Towards quantifying the uncertainty in in silico predictions using Bayesian learning

Abstract

Next-generation risk assessment (NGRA) involves the combination of in vitro and in silico models for more human-relevant, ethical, and sustainable human chemical safety assessment. NGRA requires a quantitative mechanistic understanding of the effects of chemicals across human biology (be they molecular, cellular, organ-level or higher) coupled with a quantitative understanding of the uncertainty in any experimentally measured or predicted values. These values with their uncertainties can then be considered as a probability distribution, which can then be compared to exposure estimates to establish the presence or absence of a margin of safety. We have constructed Bayesian learning neural networks to provide such quantitative predictions and uncertainties for 20 pharmacologically important human molecular initiating events. These models produce high quality quantitative estimates (p(IC50), p(EC50), p(Ki), p(Kd)) of biochemical activity at a molecular initiating event (MIE) with average mean absolute errors (in Log units) of 0.625 ± 0.048 in test data and 0.941 ± 0.215 in external validation data.
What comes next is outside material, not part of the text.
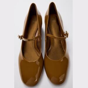ZARA Mary Jane Patent Heels NWT – Ochre Buckled Block Heels, Size 8 & 9

The key advantage of these models is their ability to also produce standard deviations and credible intervals (CIs) to quantify the uncertainty in these predictions, which we show to be able to distinguish between molecules close to the training data in chemical structure, those less similar to the training data, and decoy compounds drawn from the wider ChEMBL database. These uncertainty values mean that when a prediction is made a user can understand the certainty of the prediction, similar to a quantitative applicability domain, aiding prediction usefulness in NGRA. The ability for in silico methods to produce quantitative predictions with these kinds of probability distributions will be vital to their further use in NGRA, and here clear first steps have been taken.